- Records to use -
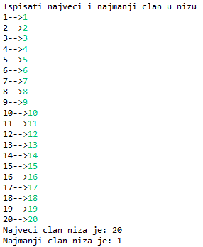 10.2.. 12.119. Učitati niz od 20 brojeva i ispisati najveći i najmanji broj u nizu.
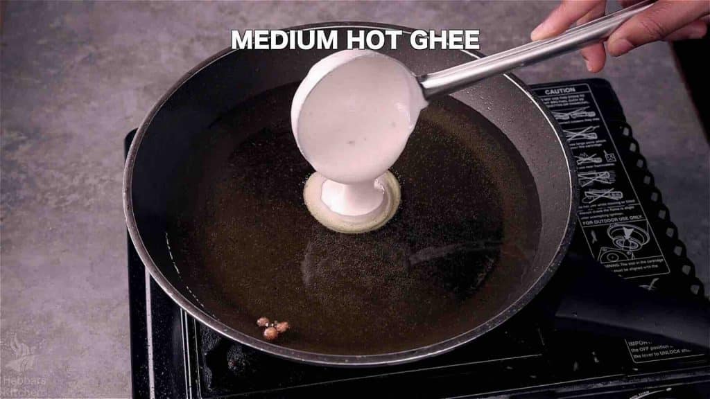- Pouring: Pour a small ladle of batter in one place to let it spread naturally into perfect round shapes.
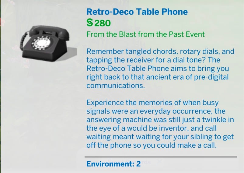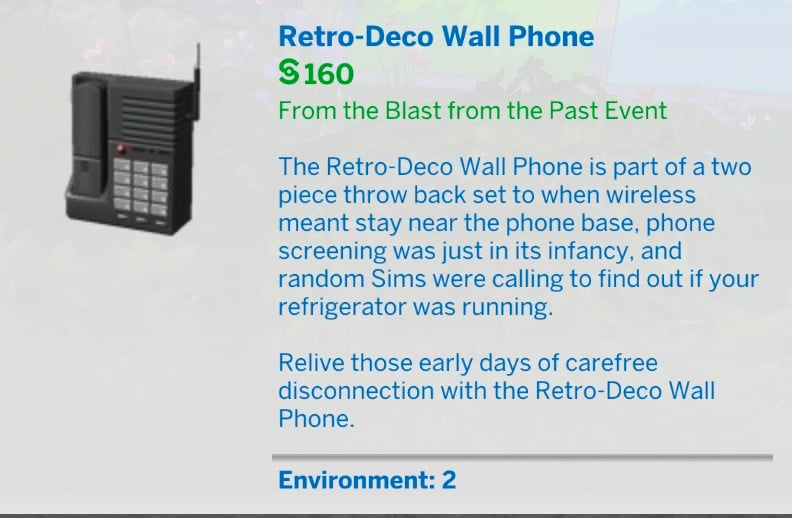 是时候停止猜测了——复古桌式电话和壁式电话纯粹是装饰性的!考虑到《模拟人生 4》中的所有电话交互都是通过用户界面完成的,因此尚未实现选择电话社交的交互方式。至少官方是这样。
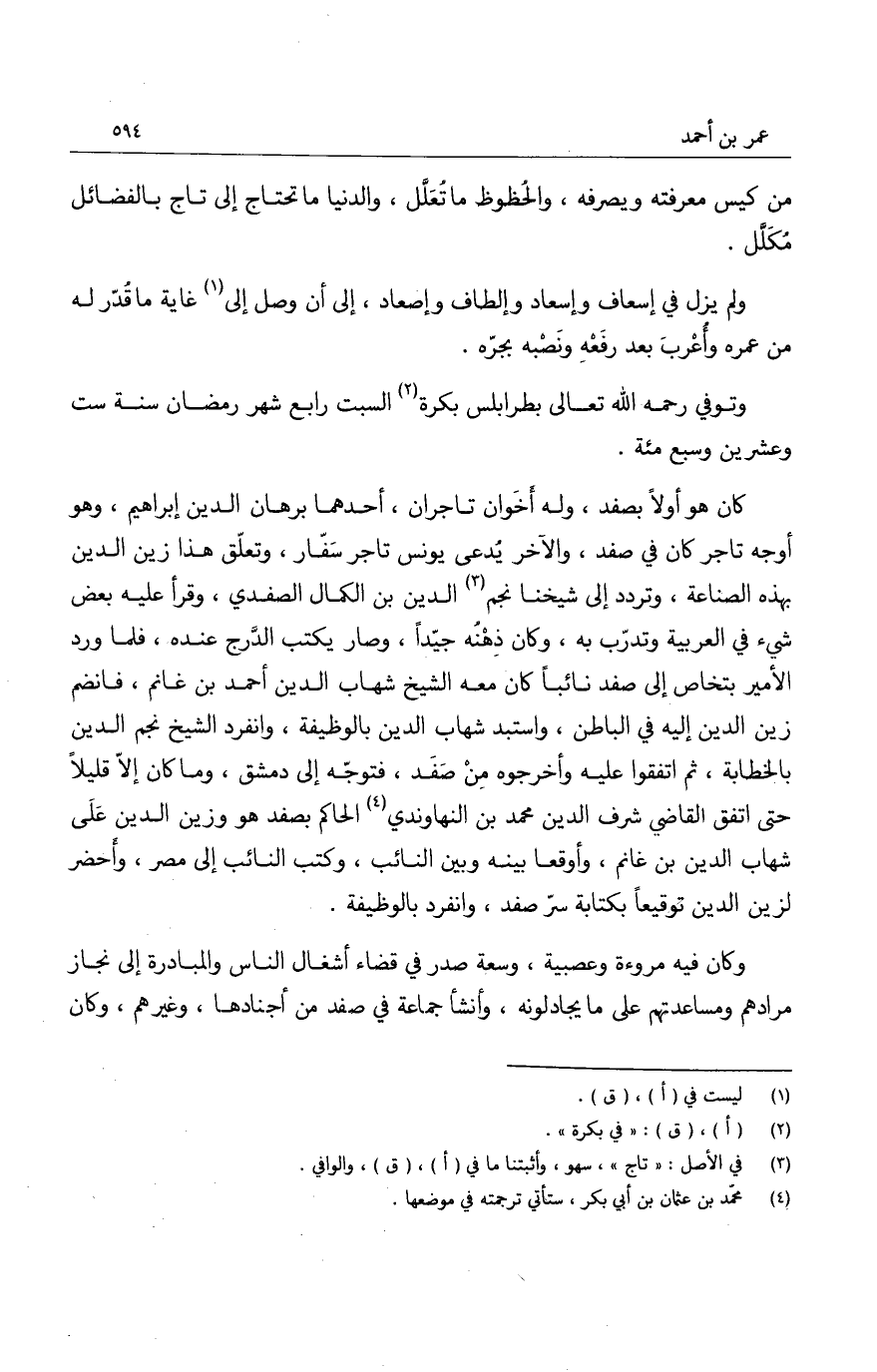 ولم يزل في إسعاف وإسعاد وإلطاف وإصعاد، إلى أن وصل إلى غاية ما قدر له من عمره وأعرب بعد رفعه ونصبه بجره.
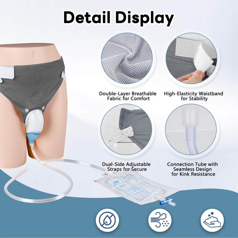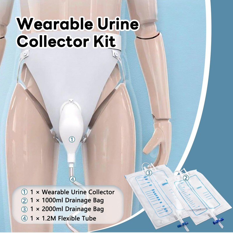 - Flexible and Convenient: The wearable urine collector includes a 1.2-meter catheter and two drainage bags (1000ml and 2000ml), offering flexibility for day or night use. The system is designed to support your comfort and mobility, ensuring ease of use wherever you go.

- Directions for this task -
Give every line of the listing above again, exactly, with no images.

- Result for this task -
 10.2.. 12.119. Učitati niz od 20 brojeva i ispisati najveći i najmanji broj u nizu.
- Pouring: Pour a small ladle of batter in one place to let it spread naturally into perfect round shapes.
 是时候停止猜测了——复古桌式电话和壁式电话纯粹是装饰性的!考虑到《模拟人生 4》中的所有电话交互都是通过用户界面完成的,因此尚未实现选择电话社交的交互方式。至少官方是这样。
 ولم يزل في إسعاف وإسعاد وإلطاف وإصعاد، إلى أن وصل إلى غاية ما قدر له من عمره وأعرب بعد رفعه ونصبه بجره.
 - Flexible and Convenient: The wearable urine collector includes a 1.2-meter catheter and two drainage bags (1000ml and 2000ml), offering flexibility for day or night use. The system is designed to support your comfort and mobility, ensuring ease of use wherever you go.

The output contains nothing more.